What will define fully autonomous, self-driving cars?
The automotive industry has advertised and sold automatic, electric, smart, connected and digital vehicles. Now, most automotive producers are either testing or involved in tests concerning self-driving vehicles. It’s the next big thing. Experts are certain that the introduction and adoption of fully autonomous cars will occur very soon, but disagree on whether this means in five or ten years’ time.
Moreover, the different artificial intelligence platforms that will substitute human drivers will provide a range of different capabilities, features and even safety guarantees. At first cars, vehicles will be partially independent as, in some cases, they already are, but the end goal is to develop a fully autonomous car that requires no steering wheels and no human attention at all.
When will we know that we have definitively crossed the threshold from smart connected vehicles to fully autonomous vehicles?
What is a Self-Driving Car?
This area of inquiry has been tackled by SAE International, a global association of over 128,000 engineers and technical experts in the aerospace, automotive and commercial-vehicle industries, which has developed a common reference framework of definitions and classifications to harmonize the global ranking of autonomous and semi-autonomous vehicles.
SAE J3016 International Standard
The SAE J3016 International Standard identifies six levels of driving automation from “no automation” to “full automation,” in which levels 0-2 are characterized by the presence of a human driver who must still monitor the driving environment, while levels 3-5 describe a technology in which autonomous artificial intelligence systems are responsible for all driving and monitor activities.
SAE levels are characterised by increasing automation:
SAE Level 0 – No Automation
These are the traditional cars with which we grew up. Humans control all aspects of driving and road monitoring.
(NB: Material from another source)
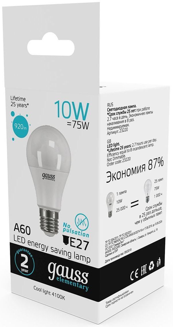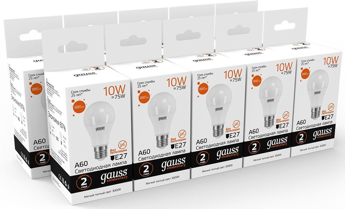 Лампа светодиодная Gauss Elementary 10Вт цок.:E27 груша 220B св.свеч.бел.нейт. A60 (упак.:10шт) (23220)
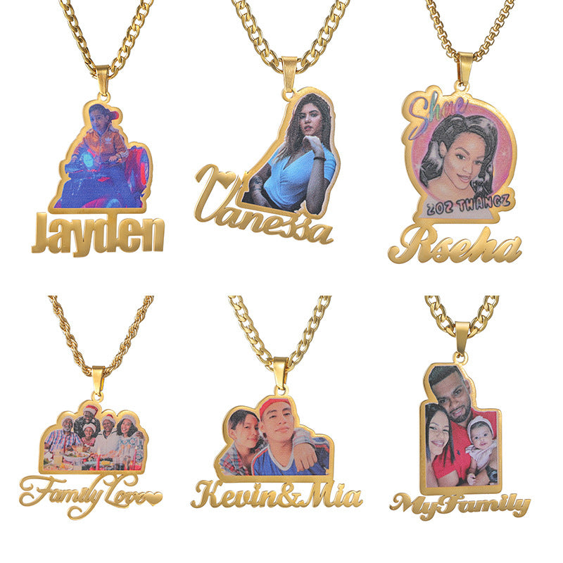 Customized Colorful Photos Stainless Steel Name Necklace Fashion Jewelry

SAE Level 1 – Driver Assistance
This where we are today. Humans are still in charge of driving, but a variety of computer systems provide assistance with braking and navigating, as well as, in some cases, advanced steering and acceleration/deceleration features.
SAE Level 2 – Partial Automation
In level 2 systems, vehicle steering and speed are controlled by computerised systems, but human drivers controls all other aspects of driving.
SAE Level 3 – Partial Automation
At this level, vehicles are considered automated driving systems, which independently monitor the driving environment around them. This means that level 3 vehicles make independent decisions. Human drivers are still required, but they only need to monitor driving and take over in case of emergency.
Level 4 – High Automation
SAE describes Level 4 as “driving mode-specific performance by an automated driving system of all aspects of the dynamic driving task, even if a human driver does not respond appropriately to a request to intervene.” At this level, cars are expected to solve emergency situations, too, without human intervention.
Level 5 – Full Automation
At this level, no human control of the vehicle is necessary. This means that the vehicles are fully autonomous and do not require any pedals, steering wheels, or other mechanical control interfaces for human drivers.
Beyond the taxonomy developed by SAE, the future of self-driving cars will depend on the machine learning characteristics of the individual artificial intelligence platforms that operate the vehicles. The safest vehicles will not only be able to rely on big data banks to instantly crunch thousands – maybe millions – of similar cases and make real-time decisions, but will also rely on the vehicle’s own “accrued experiences,” which will continue to recursively feed the artificial intelligence platform.
The Future of Transport
There will come a day when even SAE level five vehicles will appear outdated. And this day may not be that far off. The continuous exponential progress of technology advances by leaps and bounds and we know that true innovation comes in breakthroughs, rather than through gradual steps.
However, the human factor always plays a crucial role in the adoption of all new technology. Governments will be called upon to introduce new legislation addressing driverless vehicles. And how soon will drivers (and passengers) feel comfortable with self-driving cars? Beyond technological know-how, the advent and very definition of driverless vehicles will be expedited or delayed by our own actions, fears and desires.